FROM THE ASSISTED LIVING AND HOME CARE PROVIDERS' POINT OF VIEW:  Medicaid's institutional bias and easy availability to even affluent seniors siphons off a large portion of other providers' potential market by making nursing home care artificially less expensive for uninsured consumers. 

FROM THE POINT OF VIEW OF THE TRULY NEEDY:  Poor people don't have the "key money" that Medicaid planners' affluent clients use to buy their way into the best nursing homes.  So the poor pay in three ways:  (1) they can't protect the little wealth they have because they don't have access to high-priced attorneys to help them divest or shelter it, (2) they have to contribute almost all their income toward their cost of care, and (3) they end up in the worst nursing homes that have the highest Medicaid resident ratios because they can't buy their way into the best places. 

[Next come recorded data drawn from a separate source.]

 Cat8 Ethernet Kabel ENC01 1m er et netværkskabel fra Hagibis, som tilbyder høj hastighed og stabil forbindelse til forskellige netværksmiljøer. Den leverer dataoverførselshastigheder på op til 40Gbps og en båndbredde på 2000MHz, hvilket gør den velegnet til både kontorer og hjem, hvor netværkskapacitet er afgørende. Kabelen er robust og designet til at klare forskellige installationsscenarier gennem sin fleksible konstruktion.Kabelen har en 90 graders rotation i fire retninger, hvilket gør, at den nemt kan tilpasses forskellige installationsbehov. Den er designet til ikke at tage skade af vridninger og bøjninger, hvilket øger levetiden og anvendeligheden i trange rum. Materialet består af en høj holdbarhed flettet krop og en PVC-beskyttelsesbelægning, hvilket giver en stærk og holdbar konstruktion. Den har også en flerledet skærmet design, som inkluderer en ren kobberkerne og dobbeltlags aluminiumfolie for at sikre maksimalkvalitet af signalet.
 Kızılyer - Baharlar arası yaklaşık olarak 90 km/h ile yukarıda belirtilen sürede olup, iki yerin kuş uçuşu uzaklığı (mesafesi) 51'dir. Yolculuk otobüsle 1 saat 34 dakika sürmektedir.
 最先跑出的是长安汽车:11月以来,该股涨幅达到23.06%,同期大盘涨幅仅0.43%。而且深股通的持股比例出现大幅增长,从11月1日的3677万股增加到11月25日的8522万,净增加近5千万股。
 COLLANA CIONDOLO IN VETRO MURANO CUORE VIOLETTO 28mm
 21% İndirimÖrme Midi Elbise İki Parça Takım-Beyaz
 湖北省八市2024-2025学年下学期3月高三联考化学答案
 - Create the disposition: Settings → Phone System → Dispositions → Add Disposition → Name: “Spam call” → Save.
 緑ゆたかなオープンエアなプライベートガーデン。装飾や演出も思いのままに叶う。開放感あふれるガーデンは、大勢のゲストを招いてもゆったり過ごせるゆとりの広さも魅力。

FROM THE RESPONSIBLE CONSUMERS' POINT OF VIEW:  They pay four times.  Once when they buy LTC insurance.  Again, when they pay taxes to support Medicaid.  A third time, when they have to pay on average half again as much for nursing home care as Medicaid pays.  And finally, a fourth time, when they get less care quality because heavy dependency on Medicaid drags down nursing home quality for everyone, not just Medicaid recipients. 

This is why nationally syndicated financial columnist Jane Bryant Quinn titled an article excoriating Medicaid planning attorneys "Do Only the Suckers Pay?" 

But it's not just the private-pay nursing home residents who are the suckers.  Nursing homes are suckers for putting up with this system.  LTC insurers and reverse mortgage lenders are suckers for letting public welfare steal their rightful affluent client base.  Tax paying consumers are suckers for letting themselves get ripped off.   

Bottom line, all the private sector players, who could and should be saving Medicaid by financing most long-term care, are sanctioning their own victimization by accepting the corrupt status quo.  They've ceded the moral high ground to Medicaid planners who profiteer on the welfare program at the expense of everyone, especially the poor. 

The solution?  More legislation like the Deficit Reduction Act to target scarce Medicaid LTC resources to the genuinely needy and encourage private financing of LTC through insurance and home equity conversion.  

This isn't rocket science, folks, much less tilting at windmills.  Just do it.